2. The slotted plaque of claim 1 wherein the organ is an eye having an optic nerve sheath, and the protrusion is the optic nerve sheath.
3. The slotted plaque of claim 1 wherein the radioisotopes include radioactive seeds.
4. The slotted plaque of claim 1 wherein the slot has chamfers.
5. The slotted plaque of claim 1 wherein the body is symmetrical.
6. The slotted plaque of claim 1 wherein the body is asymmetrical.
7. The slotted plaque of claim 1 wherein the protrusion has a geometric center and a perimeter, and there is a shortest distance from the geometric center to the perimeter, and the slot permits the protrusion to enter the body to a depth at least equal to the shortest distance.
8. The slotted plaque of claim 1 wherein the protrusion has a geometric center and a perimeter, and there is a longest distance from the geometric center to the perimeter, and the slot permits the protrusion to enter the body to a depth at least equal to the longest distance.

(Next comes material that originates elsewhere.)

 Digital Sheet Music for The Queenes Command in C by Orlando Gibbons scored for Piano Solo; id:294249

9. A plaque therapy method for an organ having an intra-organ melanoma, where the organ has a protrusion and the intra-organ melanoma has a contralateral component, the method comprising the steps of:
identifying an organ having a protrusion and an intra-organ melanoma;
determining whether the intra-organ melanoma has a contralateral component due to its placement relative to the protrusion;
determining that the intra-organ melanoma is suitable for plaque therapy;
obtaining a slotted plaque having an amount of a radioisotope associated therewith to administer a therapeutic dosage to the intra-organ melanoma and a slot, the slot dimensioned to accept the protrusion such that at least a portion of the therapeutic portion aligns with at least a portion of the contralateral component;
attaching the slotted plaque to the organ such that the at least a portion of the therapeutic portion aligns with the at least a portion of the contralateral component; and
administering at least some portion of a therapeutic dosage; and
removing the slotted plaque after the at least some portion of a therapeutic dosage has been administered.

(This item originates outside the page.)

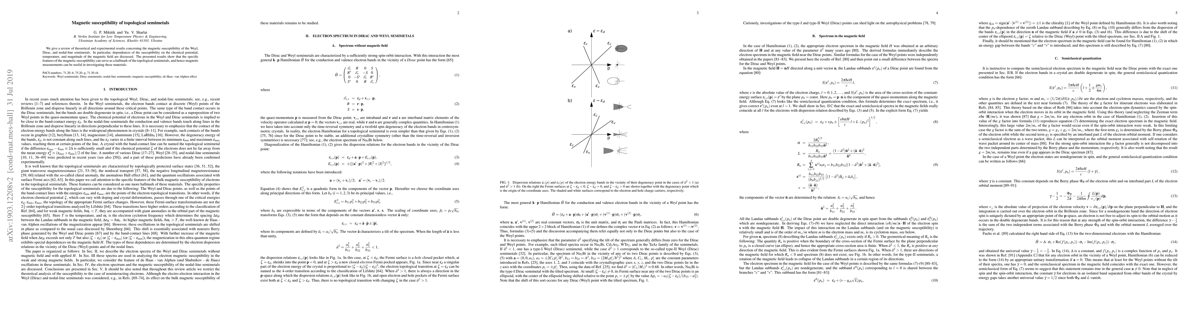 We give a review of theoretical and experimental results concerning the magnetic susceptibility of the Weyl, Dirac, and nodal-line semimetals. In particular, dependences of the susceptibility on the chemical potential, temperature, and magnitude of the magnetic field are discussed. The presented results show that the specific features of the magnetic susceptibility can serve as a hallmark of the topological semimetals, and hence magnetic measurements can be useful in investigating these materials.

10. The method of claim 9 wherein in the step of administering at least some portion of a therapeutic dosage, the dosage is complete.
11. The method of claim 9 wherein in the step of identifying an organ, the organ is an eye, the protrusion is the optic nerve sheath, and the intra-organ melanoma is an intraocular melanoma.
12. The method of claim 9 wherein in the step of obtaining a slotted plaque, the slotted plaque has a body that is symmetrical.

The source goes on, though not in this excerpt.